- _TASK_
This task calls for the lines below starting at the one containing "Graco's Reactor E-10" and ending at the one containing "The Watchdog says", repeated exactly with both ends kept and pictures left out.

[Opening SOURCE MATERIAL section]

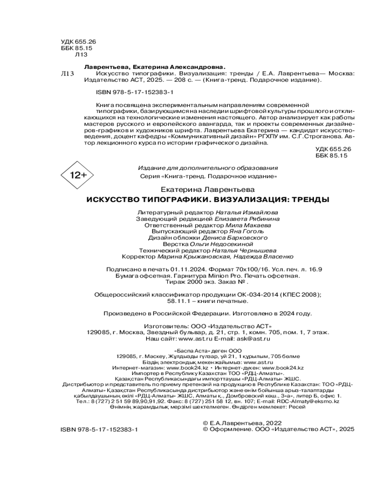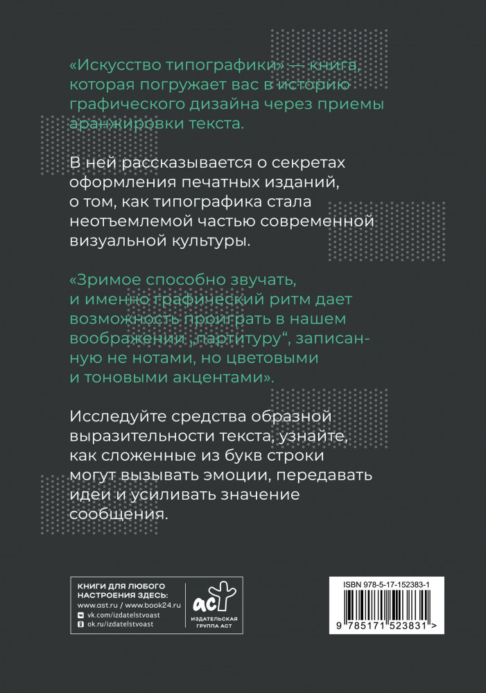 💳 Оплатить за товар можно при получении 🇰🇿 Есть бесплатная доставка по Казахстану от 1 дня 🎁 Копите бонусы с каждой покупки Серия: Книга-тренд. Подарочное издание «Искусство типографики» — это увлекательное погружение в мир книжного оформления и шрифтового дизайна. Книга прослеживает эволюцию типографики в 20-21 веках, демонстрируя, как она стала неотъемлемой частью современного искусства. Екатерина Лаврентьева, правнучка знаменитого фотографа Александра Родченко, иллюстратор и кандидат искусствоведения, раскрывает секреты завораживающего воздействия шрифтов, подчеркивая, что каждый из них обладает своим характером и способен служить метафорой для передачи глубоких эмоций. Типографика предстает здесь не просто как технический инструмент, а как истинное искусство, где печатное слово превращается в потрясающую визуальную симфонию. |
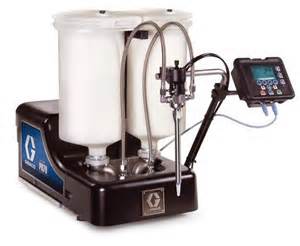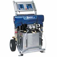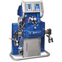 Graco's Reactor E-10 is a small, ready-to-use system that helps you get in and get smaller jobs done fast without sacrificing performance. The Reactor E-10 sprayers are ideal for plural-component spray, joint-fill jobs and touch-ups. With smart controls that are easy to setup and simple to operate, the E-10 is a natural complement to any proportioning equipment line-up.
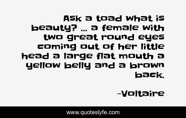 "Voltaire Quotes." Quoteslyfe.com, 2025. Sat. 06 Dec. 2025. <https://www.quoteslyfe.com/quote/Ask-a-toad-what-is-beauty-a-260579>.
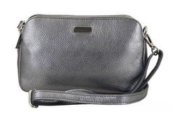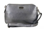 Skórzana listnoszka damska torebka metalizowana srebrna ciemna - Barberini's 978-46
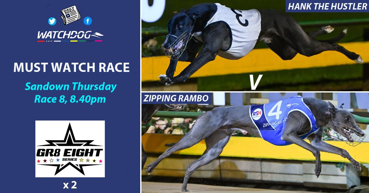 The Watchdog says ?: We see another fantastic line-up for the Gr8 Eight Series, and it should be keenly contested throughout. ZIPPING RAMBO (4) stamped himself as the premier stayer in the land when capturing the Group 1 Sandown Cup Final and he showed his versatility by backing up the following week and winning the Speed Star over 595m. He is racing with extreme confidence at present, and he is expected to take a power of beating tonight, however there is a lot of early speed engaged for a stayer’s event and we know he does not like to be crowded, so the run to the first bend is going to be crucial. HANK THE HUSTLER (1) is a bit of a Sandown specialist, and he appears to be the obvious danger. He has scored some blistering wins over this journey previously, but he has shown that when pressured mid race, he does tend to get tired, so he too will have to do everything right in the initial stages. WHATEVER I SAY (2) is on the up and, with her early speed, she can be a nuisance to the two topliners. With a few more tries over this journey she has the potential to establish herself as a genuine topflight stayer. WEBLEC HAZE (7) rounds out the main winning chances and he represents the value. He is always competitive in races of this nature and with the abundance of early speed engaged, he should be able to drift across into a stalking position mid race and he may be able to pick them off late.
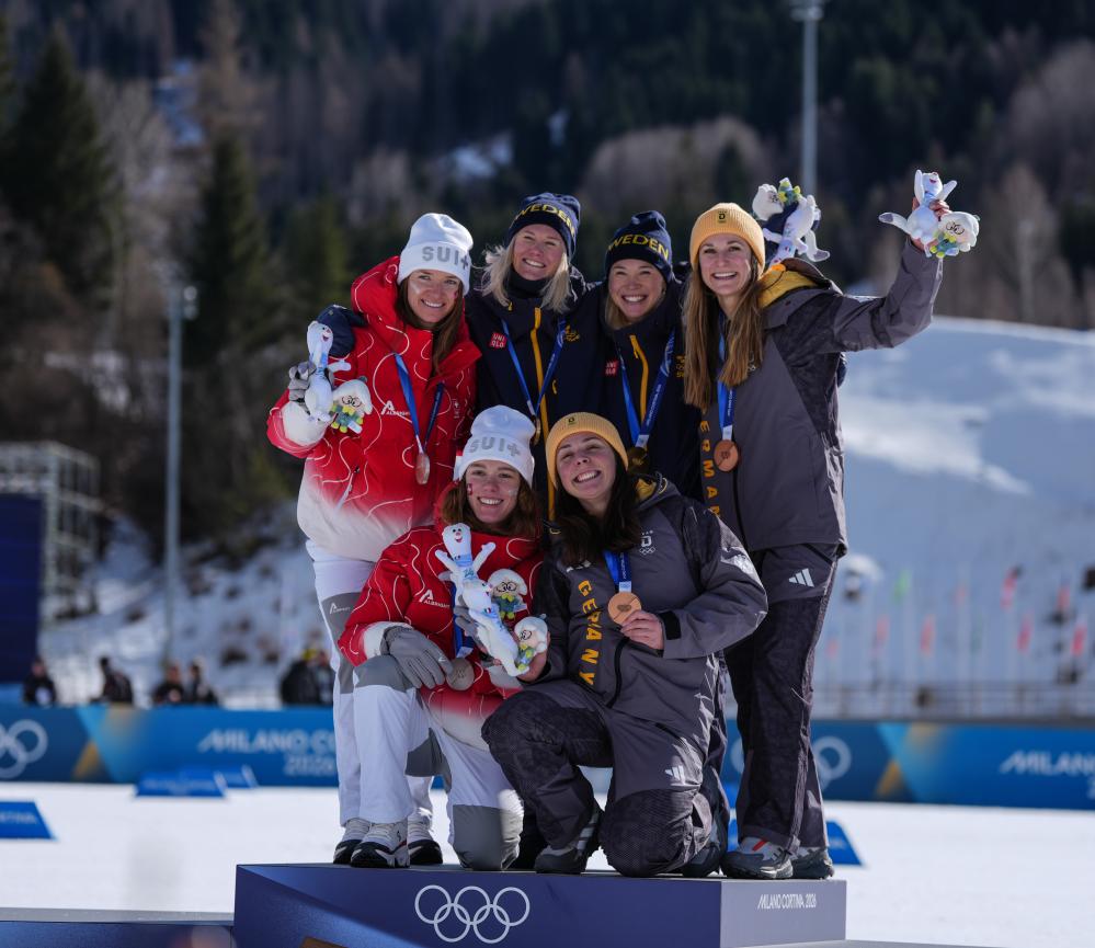 حصلت السويديتان جونا ساندلينج وماجا دالكفيست على ذهبية التزلج الريفي للفرق (سبرينت حرة) للسيدات، بينما حصلت السويسريتان ناديا كايلين ونادين فاهندريش على الفضية والألمانيتان لورا جيملر وكوليتا ريدزيك على البرونزية، وذلك في منافسات دورة الألعاب الأولمبية الشتوية ميلانو-كورتينا 2026، في تيسيرو، إيطاليا.■
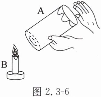8. “声波能否传递能量?”“声波传递的能量与响度是否有关?”小军同学在学习声现象知识时想到了这两个问题,于是在老师帮助下,他设计了实验对这两个问题进行探究。如图2.3-6所示,A为一个圆筒,它的右端用橡皮膜包住并绷紧扎牢,左端蒙上纸(纸的中间剪一圆孔)并粘牢,小孔对准点燃的蜡烛B的烛焰,拍打右端的橡皮膜。观察烛焰。
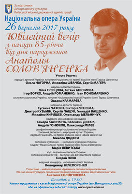 26 вересня у Національній опері україни – ювілейний вечір з нагоди 85-річчя від Дня народження видатного українського оперного співака Анатолія Солов'яненка.
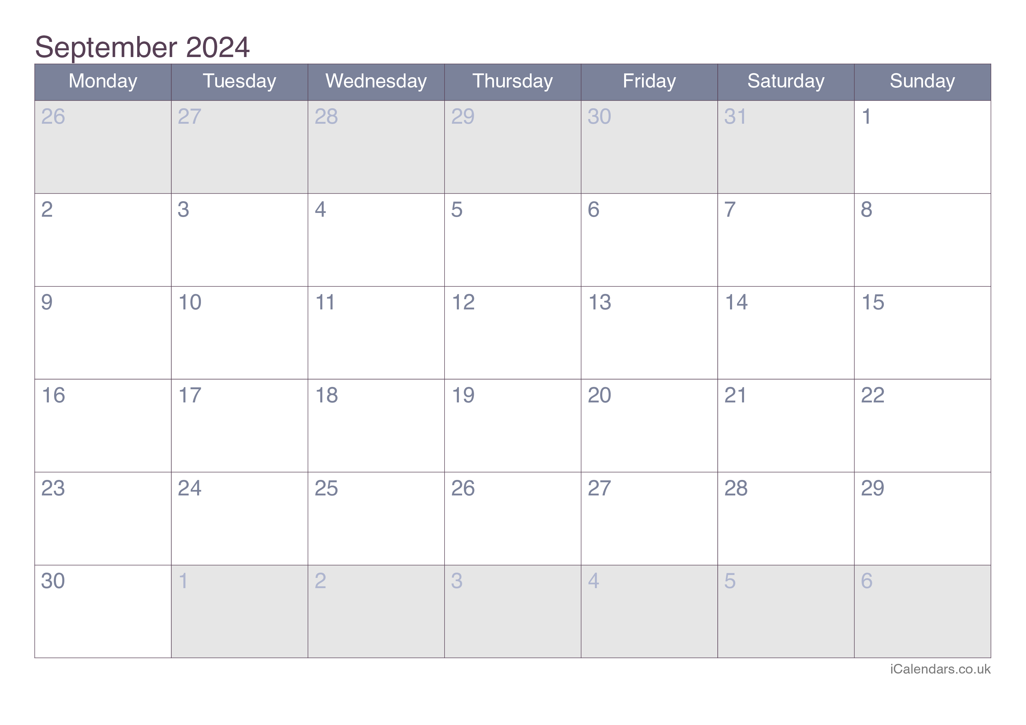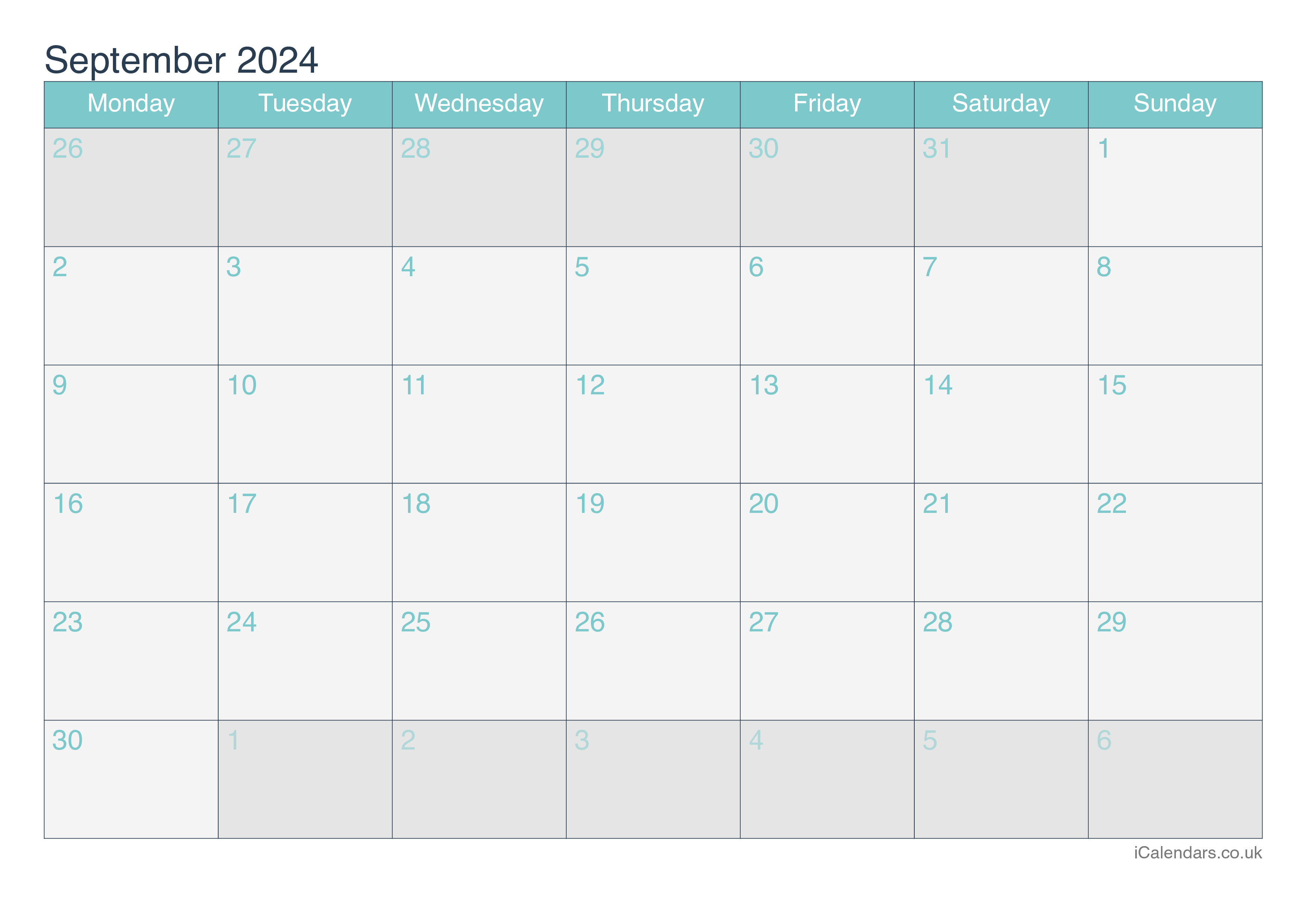 You can download and print this September 2024 calendar. It is available as an image, or in PDF and Excel formats. You can choose one of the 4 colour themes.

[Closing SOURCE MATERIAL section]

- _WRITTEN SOLUTION_
 Graco's Reactor E-10 is a small, ready-to-use system that helps you get in and get smaller jobs done fast without sacrificing performance. The Reactor E-10 sprayers are ideal for plural-component spray, joint-fill jobs and touch-ups. With smart controls that are easy to setup and simple to operate, the E-10 is a natural complement to any proportioning equipment line-up.
 "Voltaire Quotes." Quoteslyfe.com, 2025. Sat. 06 Dec. 2025. <https://www.quoteslyfe.com/quote/Ask-a-toad-what-is-beauty-a-260579>.
 Skórzana listnoszka damska torebka metalizowana srebrna ciemna - Barberini's 978-46
 The Watchdog says ?: We see another fantastic line-up for the Gr8 Eight Series, and it should be keenly contested throughout. ZIPPING RAMBO (4) stamped himself as the premier stayer in the land when capturing the Group 1 Sandown Cup Final and he showed his versatility by backing up the following week and winning the Speed Star over 595m. He is racing with extreme confidence at present, and he is expected to take a power of beating tonight, however there is a lot of early speed engaged for a stayer’s event and we know he does not like to be crowded, so the run to the first bend is going to be crucial. HANK THE HUSTLER (1) is a bit of a Sandown specialist, and he appears to be the obvious danger. He has scored some blistering wins over this journey previously, but he has shown that when pressured mid race, he does tend to get tired, so he too will have to do everything right in the initial stages. WHATEVER I SAY (2) is on the up and, with her early speed, she can be a nuisance to the two topliners. With a few more tries over this journey she has the potential to establish herself as a genuine topflight stayer. WEBLEC HAZE (7) rounds out the main winning chances and he represents the value. He is always competitive in races of this nature and with the abundance of early speed engaged, he should be able to drift across into a stalking position mid race and he may be able to pick them off late.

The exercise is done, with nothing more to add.